The “best” places to work in 2015 – or not?

Who defines “best” and do we agree? One leadership expert is questioning the validity of end-of-year employer lists.

The “best” places to work in 2015 – or not?
At the end of every year we’re inundated with lists – albums, films, scandalous celebrity events – they’re all collated and put in an easy-to-read top 10 but are they really that accurate?

Well, leadership expert and business writer Tony Schwartz thinks there’s at least one end-of-year list we should take with more than a pinch of salt – the ‘Best Places to Work’ list.

In the final weeks of 2014, Glassdoor named Google as the highest-rated large company and it didn’t come as much of a surprise - the tech juggernaut offers an unrivalled array of employee perks including free food, gym access and low-cost massages but are these benefits just serving to brainwash workers?

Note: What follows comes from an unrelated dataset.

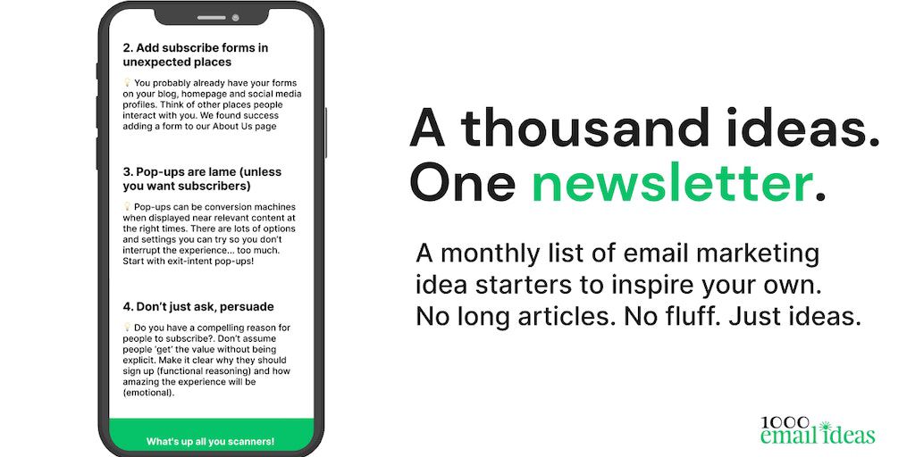 Free monthly newsletter with one purpose: To share email marketing ideas that help people create their own engaging email campaigns. It’s a quick list. No long articles. No fluff. Just ideas. The part

These lists certainly track how good a company is on paper but, according to Schwartz, they don’t measure something which is far more important – the quality of their employees’ lives.

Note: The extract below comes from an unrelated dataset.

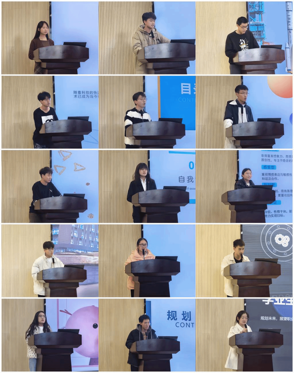 经过前期各班级的初选推荐,共有15位选手进入现场答辩环节,参赛选手依次进行了学业生涯规划的展示,分别从自我认知、专业认知、环境分析、学业规划以及实施方法等方面进行阐述,呈现出条理清晰的学业规划和拼搏向上的青春风貌,不仅带来了对学业规划独特的见解和思考,也为在场的同学们提供了值得借鉴的学习经验。比赛现场气氛热烈,高潮迭起。

“Over the last decade, I’ve spent countless hours interacting with employees at all levels in many of the companies that appear on the Glassdoor best-companies list, as well as on the Fortune annual 100 Best Companies to Work for list,” writes Schwartz. “What these employees tell me, with increasing consistency, is how exhausted and overwhelmed they are.”

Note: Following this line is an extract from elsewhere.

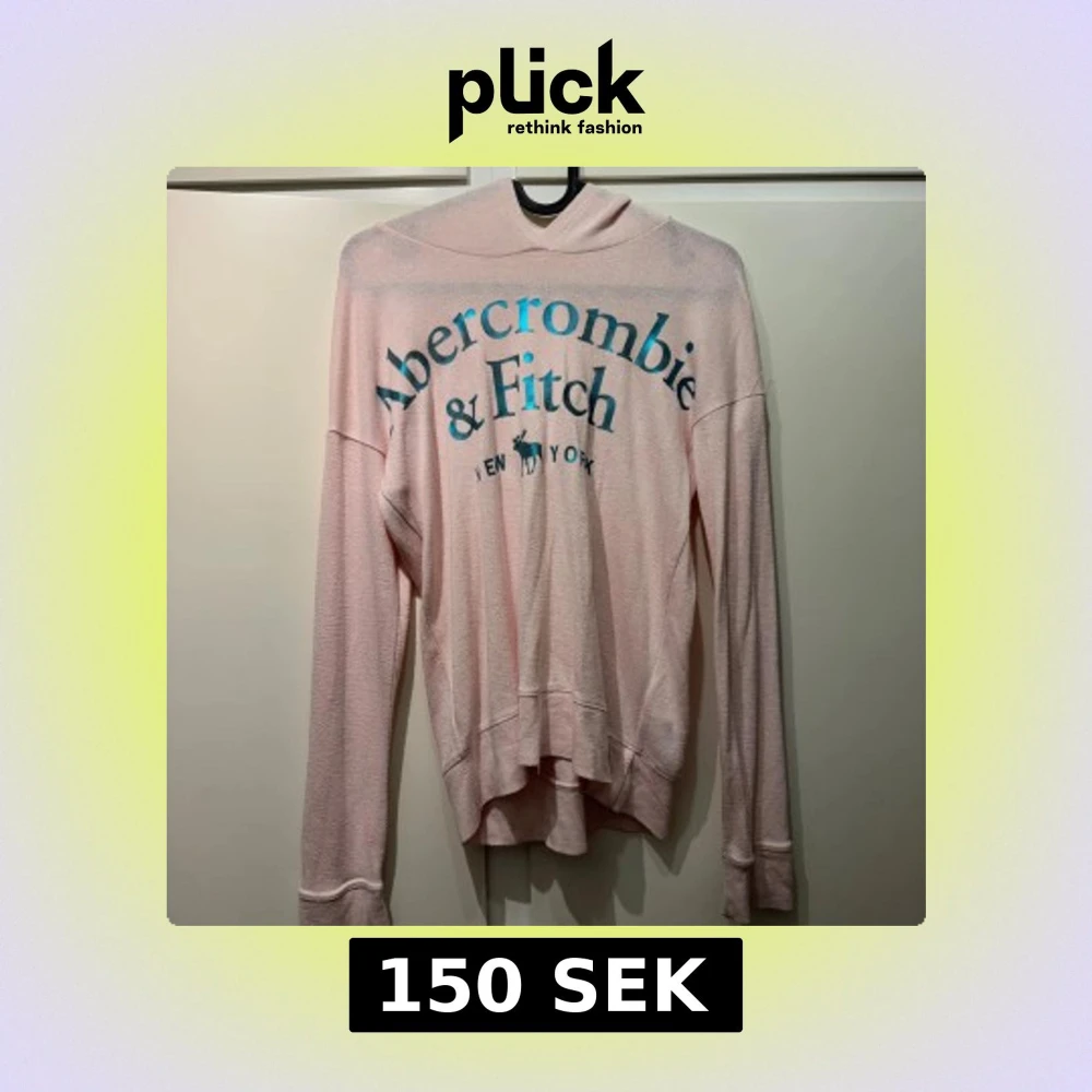 Supermjuk ljusrosa hoodie från Abercrombie & Fitch med stort blått tryck framtill. Tröjan har långa ärmar, huva och avslappnad passform. Perfekt för chill dagar och enkel att matcha med jeans eller leggings. STOR I STORLEKEN PASSAR xs och s Skriv för mer bilder och frågor så svarar jag så fort jag kan pris går altid att diskuteras💕💕

“The relentless work demands take a toll on their health, happiness and family life,” he continues. “That also affects their morale and their ability to think creatively and reflectively.”

But if they’re so over-worked why do they respond so positively to employee surveys?

They are, according to Schwartz, “prisoners of low expectations.” They’re grading on a curve.

“Their vision of the possible is limited by the workplace experiences they’ve had,” he writes. “They’ve been rewarded for working long hours while sacrificing other aspects of their lives, including time with their families and time for themselves. They’ve learned how to rationalize their choices, and not to expect more from their employers.”

So, while employees at some of the “Best Places to Work” may be inundated with impressive perks – they come at a cost and most lists aren’t measuring that.

Now, Schwartz is urging employers to shift the focus from fad benefits to creating a work environment which “enables and encourages all employees to regularly refuel and renew themselves, both on and off the job.”

“Employers atop the Glassdoor and Fortune lists would be well served to ask themselves: how much time and energy are you investing to ensure that your employees are healthier, happier, more focused and more purposeful?”